Abstract
Parallel programming is the mainstream for today's HPC applications. Programmers need to parallelize their programs to achieve better performance on multicore systems. However, due to a lack of good understanding of parallelism in algorithms, scheduling policy in runtime systems, and multicore architectures, programmers usually find it very hard to write high-performance, scalable programs on these parallel platforms. Although using a parallelized library written by experts can reduce the amount of work for coding, it does not automatically guarantee good performance according to our study. A better understanding of parallelism in algorithms, the OS/runtime systems, and hardware architectures is necessary if programmers wish to further improve performance.
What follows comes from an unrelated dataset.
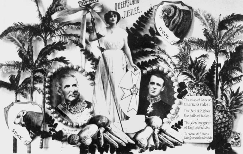 | Keywords: StateLibQld 2 120452 Queensland Jubilee 1859-1909 postcard including the allegorical figure of Britannia^, Governor Bowen and Lord Chelmsford.jpg en Queensland Jubilee 1859-1909 postcard including the allegorical figure of Britannia Governor Bowen and Lord Chelmsford Represented is tropical fruit flora wool and stock and the state badge the imperial crown superimposed on a Maltese cross A poem is also included The isles of Greece;/Killarney's vales;/The Scottish Lakes;/The hills of Wales;/The glowing green/of English fields /To none of these/fair Queensland yields Postcard is number 119 in the Curlew Series 1909 handle 10462/deriv/109229 Copied and digitised from an original Falk and Wilkins colour postcard PD-Australia StateLibQld-License Black and white photographs 1909 in Australia Anniversaries Queensland Images of postcards from the State Library of Queensland |
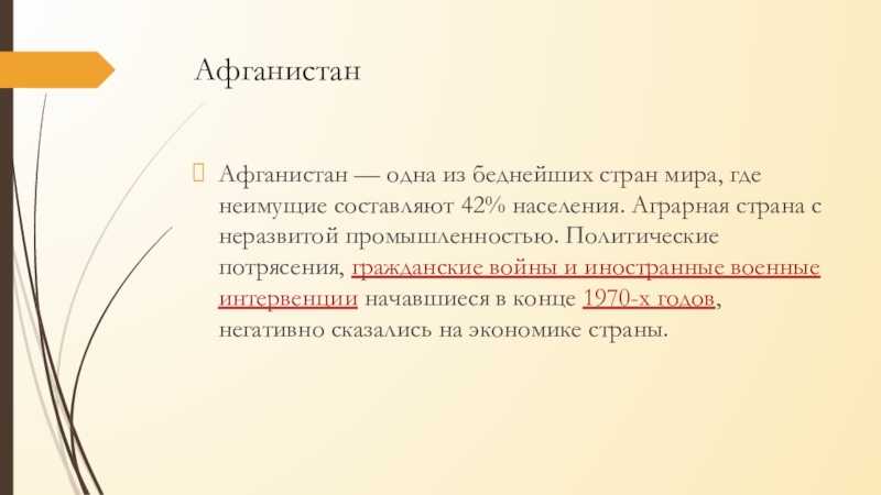 населения. Аграрная страна с неразвитой промышленностью. Политические потрясения, гражданские войны и иностранные военные интервенции начавшиеся в конце 1970-х годов, негативно сказались на экономике страны.

In this paper, we use SIFT-based feature matching within large-scale image collections to show the importance of three factors-the level of parallelism, scheduling policy, and memory architecture-that affect the performance of large-scale feature matching on multicore systems. We demonstrate experimental results using programs based on OpenCV and OpenMP, which are executed on both 16-core and 64-core machines. From our experimental results, we find that images with a large number of features achieve poor scalability on the 64-core machine due to a poor cache utilization. To address this issue of cache performance, we propose a Divide-and-Merge algorithm that divides the feature space into several small sub-spaces so that they fit within the cache. Our experiments show that the performance tuning addressing all of the three factors improves the speedup of feature matching from 10.6x to 21.5x on the 64-core machine. While the speedup is improved by 103%, the scalability of the feature matching algorithm is improved by up to 6.45 times on the 64-core machine with our performance tuning. Our study indicates that performance tuning on multicore systems is very challenging even for a simple image processing algorithm.